8. FORM OF PAYMENT As a form of payment, the Undersigned may elect to make the payments due under this agreement by allowing Provider to automatically deduct the payments from a bank account (ACH), credit card or any other form of payment elected. The Undersigned agrees that Provider shall be held harmless for any error by Provider or financial institution with respect to any deductions or charges. By executing the signature line in the payment method section, the Undersigned hereby gives Provider express permission to make use of the form(s) of payment elected. Provider is authorized to automatically deduct payment(s) as elected in the event of acceleration of payments. The Undersigned authorizes Provider to update their automated billing or form of payment without express permission.
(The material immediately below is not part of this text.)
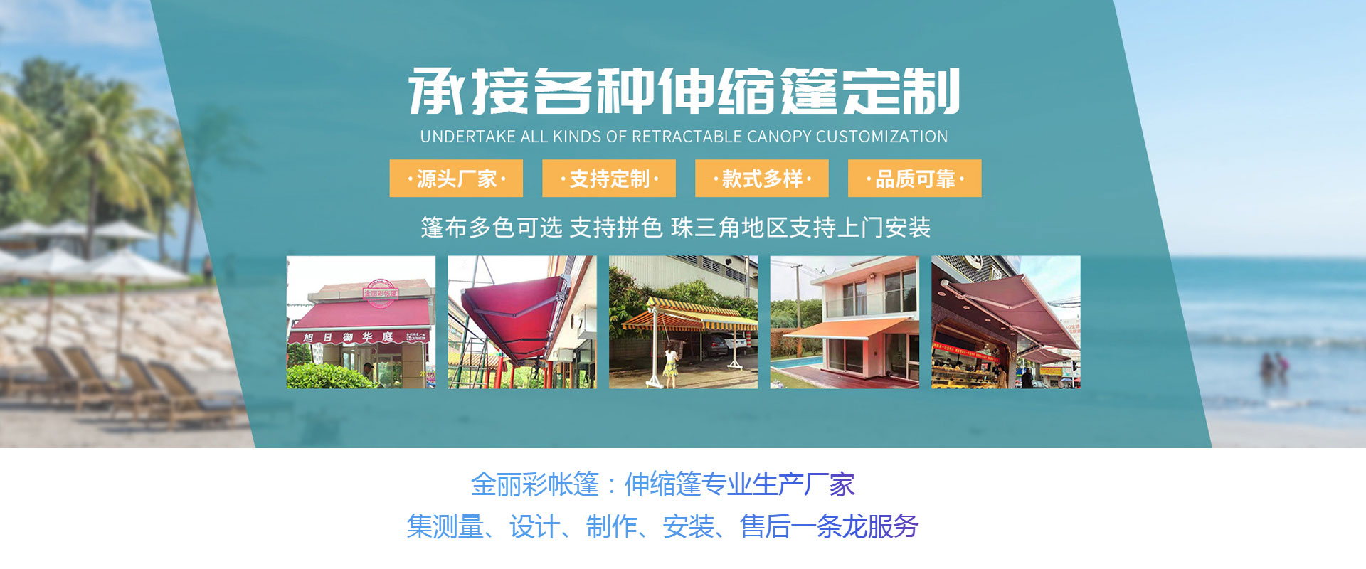 中山市金麗彩帳篷有限公司成立于2002年,是一家集遮陽篷配件生產(chǎn)、批發(fā)戶外休閑用品的專業(yè)彩蓬安裝制做工程公司,在廣東地區(qū)擁有大量彩樣板工程實(shí)例,公司技術(shù)力量成熟,專注承接定制制作安裝各種遮陽、遮雨、固定或活動(dòng)蓬、展覽蓬、鋁合金無線遙控電動(dòng)蓬、廣告蓬、歐式造型蓬、戶外休閑傘等產(chǎn)品。本公司還可以根據(jù)用戶需求制作各款大型戶外停車場帳蓬、款式新穎、質(zhì)量可靠、價(jià)格實(shí)惠。公司位于中國廣東省中山市沙溪鎮(zhèn),交通方便,物流快捷。金麗彩帳篷本著“客戶為先,誠信至上”的原則,熱誠歡迎各界朋友前來我司參觀、考察、洽談業(yè)務(wù)。

It is agreed that in the event that automatic billing is declined, expired, or returned the Undersigned agrees for Provider to automatically process any previously used automatic billing on file that was successful.
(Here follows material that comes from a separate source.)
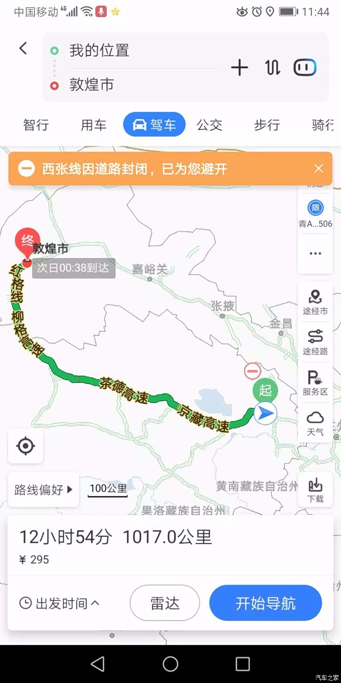 第一天、西宁至敦煌。今天的任务简单,就是用一天的时间赶到大海道的出发点敦煌。全程1017公里,计划用时12小时54分。

9. MISTAKE/ERROR POLICY In the event that there is a mistake/error in services provided by Provider, it is agreed that Provider will remove or resolve or issue a pro-rated statement credit for the mistake. It is agreed that a published mistake may take place and does not change the obligations or duration of this agreement. Any mistake/error must be reported to Provider by written notification within 45 days from the mistake date to be credited and a statement credit will be issued for one week.
10. CONFIDENTIALITY OF INFORMATION All materials and proprietary information of the undersigned that is provided to the Provider shall remain strictly confidential and shall not be disclosed to any outside party. Confidentiality applies to all of the Provider’s agents, employees and representatives.
11. MISCELLANEOUS By signing this agreement you agree that you are an authorized agent for your company. This agreement shall be construed under the laws of the State of Florida, and in the event of litigation, regardless of the circumstances, the each party must pay their own attorney’s fees and will not be responsible for the other parties court costs or other costs at the trial and appellate levels. Venue for any litigation brought under this agreement shall be set in Broward County, Florida. When making a payment by check, any verbiage such as “final payment”, “end of contract”, or anything written in the memo of the check shall not modify this agreement in any way. The Undersigned agrees that the terms of this agreement cannot be modified by any verbal agreement and any modifications to this agreement must be in writing and signed by both parties.
12. SEPARATE PROVISIONS In the event that any portion of this Agreement is deemed unenforceable, said portion shall be stricken, and the remainder of the agreement shall remain in full force and effect. Failure to enforce any breach of the Agreement shall not be deemed a waiver of any rights or remedies hereunder.